For simple, bounded behaviors in stable contexts, taking a vitamin, drinking water, eating a piece of fruit, habit formation is real and achievable. The Lally data supports this.
But for the behaviors most people actually want to change (exercising regularly, eating well, writing consistently, managing their finances) the evidence suggests these are goal-directed behaviors that require ongoing conscious engagement. They may feel more automatic over time as you develop routines and reduce decision fatigue. But they’re unlikely to become true habits in the scientific sense: behaviors that fire automatically in response to cues and persist even when their outcomes are devalued.
The practical implication is significant. If your target behavior is genuinely goal-directed, then the most important question isn’t “how do I make this automatic?” It’s “have I chosen a version of this behavior that I can sustain with ongoing conscious effort?” That shifts the focus from habit engineering to what behavioral scientists call person-behavior fit, finding the specific implementation of a behavior that works with your personality, preferences, constraints, and life circumstances.
The habit formation industry has built an empire on the assumption that any behavior can become effortless with enough repetition. The Lally study, the industry’s own flagship citation, suggests otherwise.
If you want to understand what actually works for lasting behavior change, including how to find the right version of a behavior for your personality, constraints, and life circumstances, I wrote an entire book on this: Real Change: Achieve Lasting Transformation. It covers the science of person-behavior fit and why matching beats forcing, every time.
References
Daw, N. D., & O’Doherty, J. P. (2014). Multiple systems for value learning. In P. W. Glimcher & E. Fehr (Eds.), Neuroeconomics: Decision making and the brain (2nd ed., pp. 393–410). Academic Press.
Dickinson, A. (1985). Actions and habits: The development of behavioural autonomy. Philosophical Transactions of the Royal Society of London B, 308(1135), 67–78.
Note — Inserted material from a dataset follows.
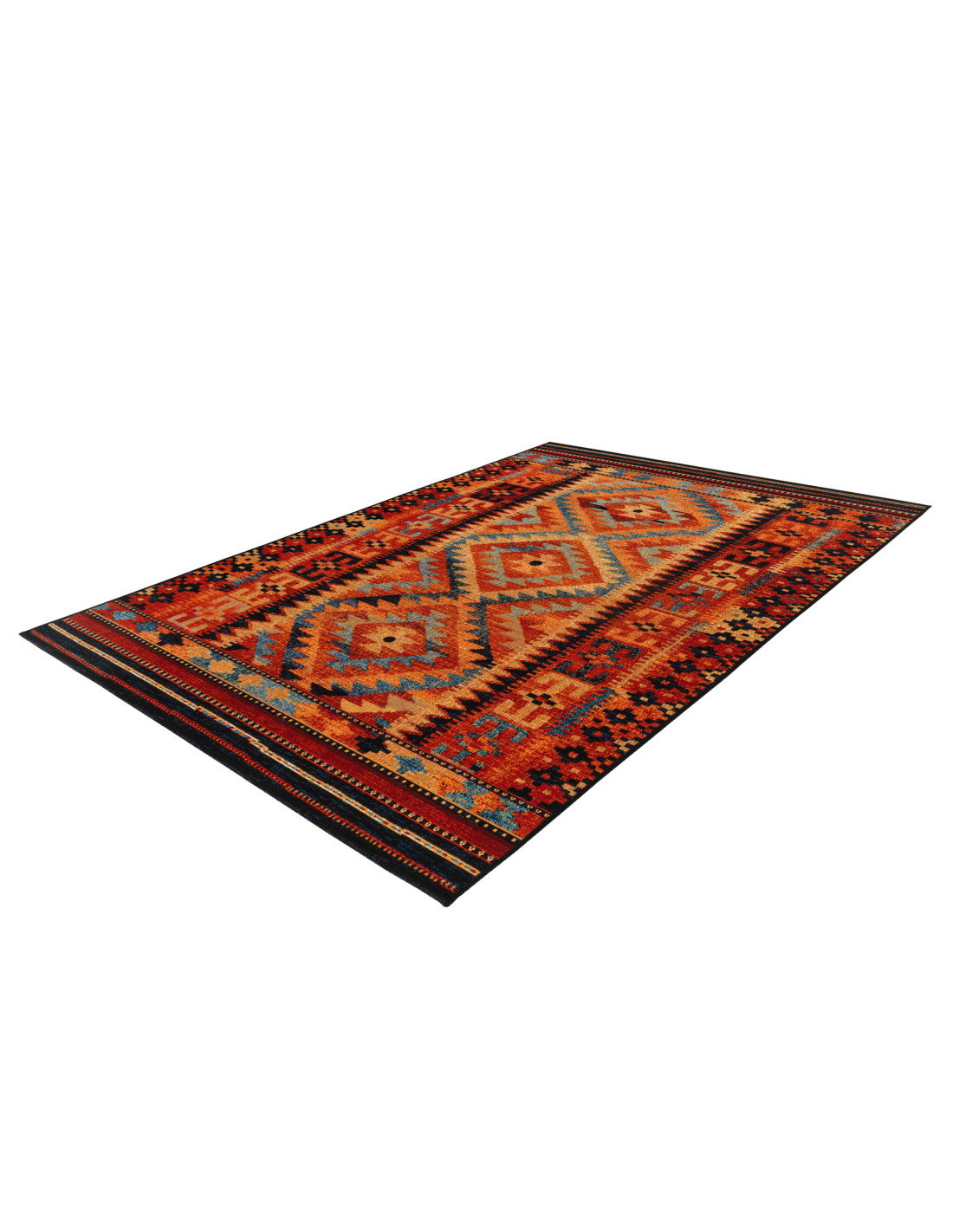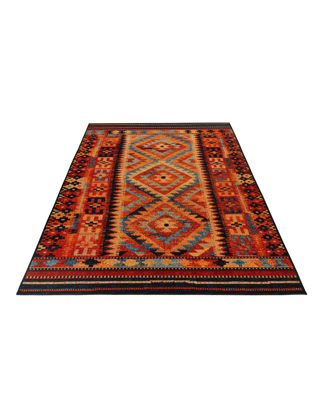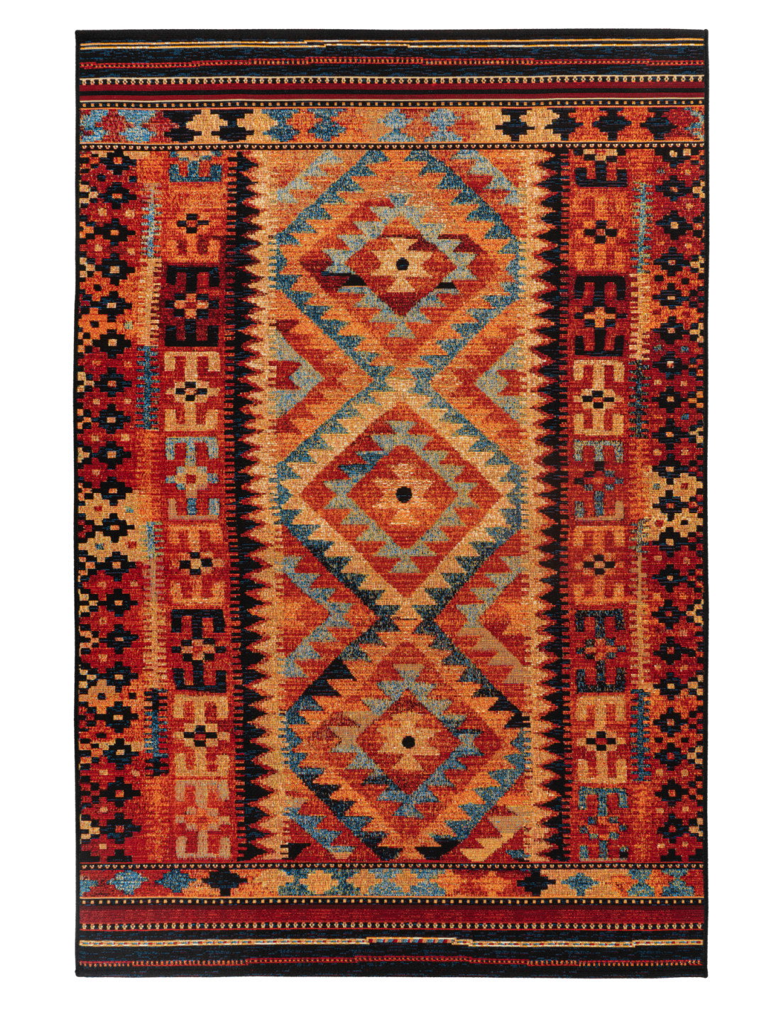Il tappeto Gobelina 641 multi è un vero capolavoro di stile classico reinterpretato con un tocco moderno, perfetto per chi desidera arricchire il proprio salotto con un elemento decorativo che unisce tradizione e vivacità cromatica. La sua trama meccanica, realizzata con tessuto a macchina, presenta un disegno geometrico ricco di dettagli, dove motivi a rombo e linee zigzag si intrecciano armoniosamente. I colori predominanti sono caldi e avvolgenti: sfumature di arancio, rosso, blu e beige si fondono creando un effetto visivo dinamico e accogliente, capace di trasformare qualsiasi ambiente in uno spazio elegante e confortevole.

Hull, C. L. (1943). Principles of behavior: An introduction to behavior theory. Appleton-Century-Crofts.
Lally, P., van Jaarsveld, C. H. M., Potts, H. W. W., & Wardle, J. (2010). How are habits formed: Modelling habit formation in the real world. European Journal of Social Psychology, 40(6), 998–1009.
Verplanken, B. (2006). Beyond frequency: Habit as a mental construct. British Journal of Social Psychology, 45(3), 639–656.
Wood, W., & Neal, D. T. (2007). A new look at habits and the habit-goal interface. Psychological Review, 114(4), 843–863.